And so he did – first to Prince Albert, Saskatchewan, then to Winnipeg, then finally to Ottawa, where he earned a bachelor’s in social work from Carleton University. Trubiak started singing in clubs and cafés and, in 2011, put out an indie-folk album called They Say I’m Different. One of the songs is called “Prairie Boy,” and it doesn’t paint a pretty picture: “Head hung down in shame, it’s plain and clear you ain’t welcome here.” Trubiak found a boyfriend in Ottawa, and they settled into an apartment together, but he couldn’t land a position in his field. Then one day his sister called from Flin Flon to say there was a job opening for a social worker. His mother got on the line and said, “You can have your old room back.”
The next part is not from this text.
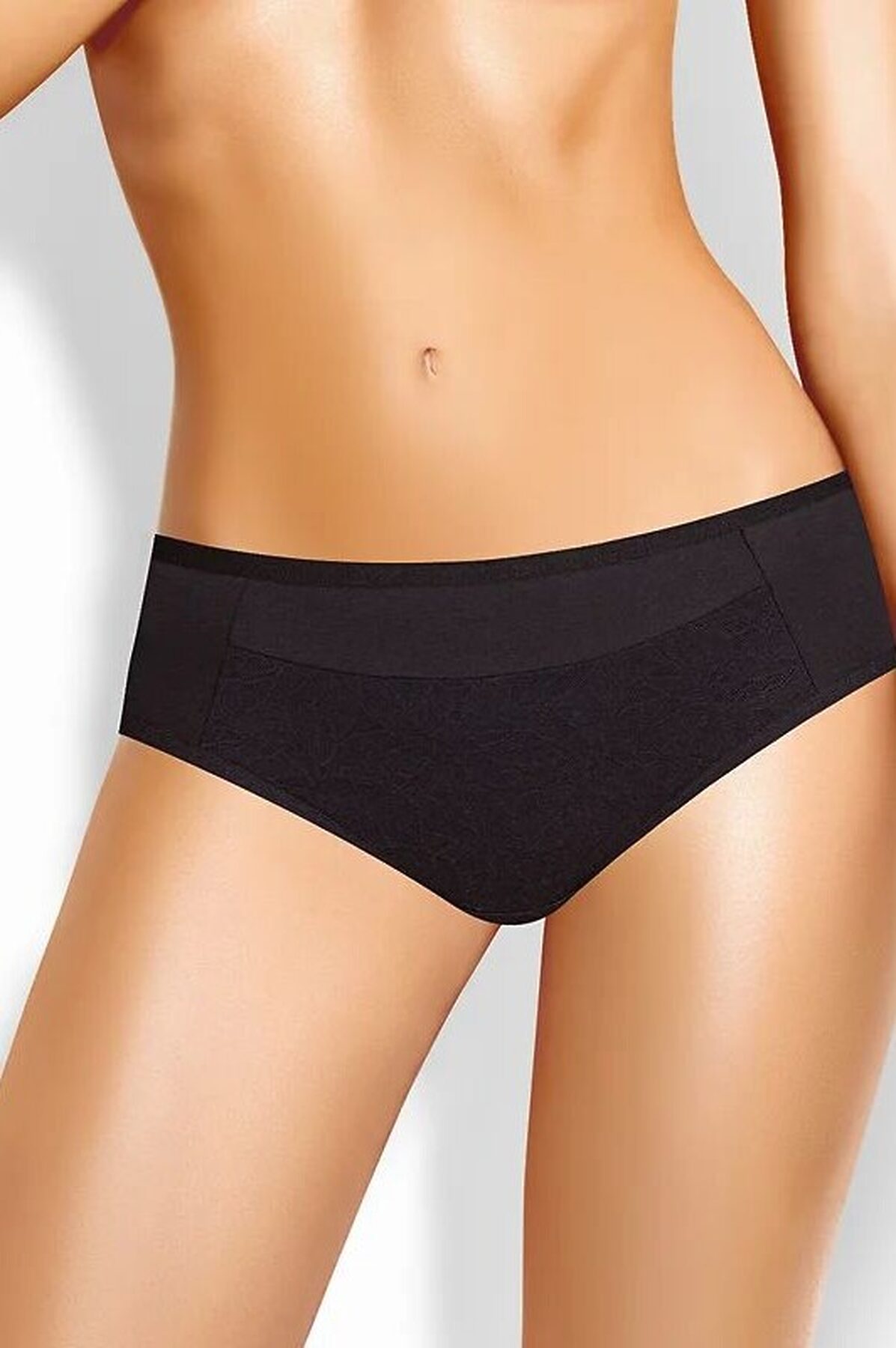 Трусы бикини женские из эластичного хлопкового полотна. По переду рез с кружевной вставкой. Обработка краев по талии и ноге окантовочная резинка.

Trubiak’s first response was resistance. “The thought made me physically sick,” he says. But after weeks of sleepless, sweaty nights, he started seeing a return to Flin Flon as an opportunity to gain work experience, go off the grid, and get to know his family better. Trubiak scored the job, promised to stay for a year, and assumed he would keep a low profile. That lasted for exactly a week, until someone from the new Flin Flon Arts Council asked him to perform at a music festival called Flonstock. There, one night on the prairie, Trubiak met a gay guy in his early 20s who shocked him with how out he was. “He was unabashedly, overtly gay,” Trubiak says. “The hair, the clothes, the short shorts, the total sense of style, owning who he is. I could never have been that brave.”

Since then, Trubiak has met other Flin Flon gays he could have never imagined meeting as a teenager – and he started singing with a folk band called Five Easy Pieces. Flin Flon has shrunk, he says, thanks to a declining economy, but he doesn’t see that as a bad thing. “Now it’s embracing an arts culture,” he says. “Even though it’s become smaller, it’s strangely more inclusive.”
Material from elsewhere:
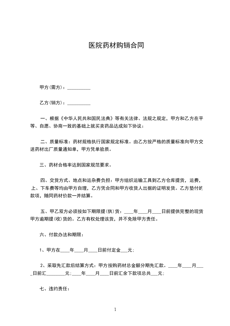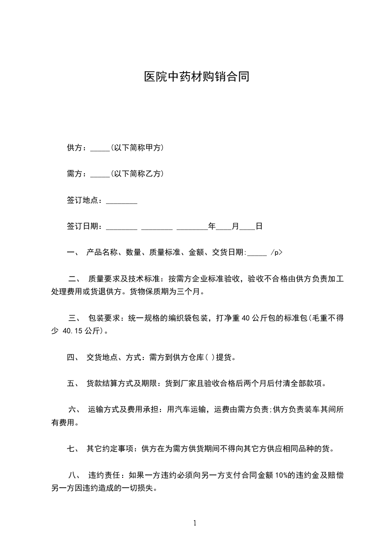 1、乙方须以签订的合同条款,如期将原药材运至合同规定的地方。如乙不能如期交货的,需提前一个星期通知甲方,如未提前告知的,影响甲方正常的生产经营的,乙方将按所签订合同货物款的3%支付甲方违约金。

Opening up at Living Books and performing at festivals and cafés isn’t the only way Trubiak has been a positive queer influence on his hometown. Working as a mental-health worker, he turns over his office every week to a young client so she can call the same Rainbow Resource Centre that helped him two decades ago. And just the other day, his old guidance counsellor invited him back to his high school to speak out against bullying.

“I have the feeling of being a valued member of the community,” he says. “Professionally, I have never been more invigorated. Creatively, I have never been more alive.” He still plans to leave again this fall, to return to his boyfriend and (hopefully) a social-work job in Ottawa. In the meantime, his music is being inspired more than ever by prairie sunsets he once looked at and thought he would never see again.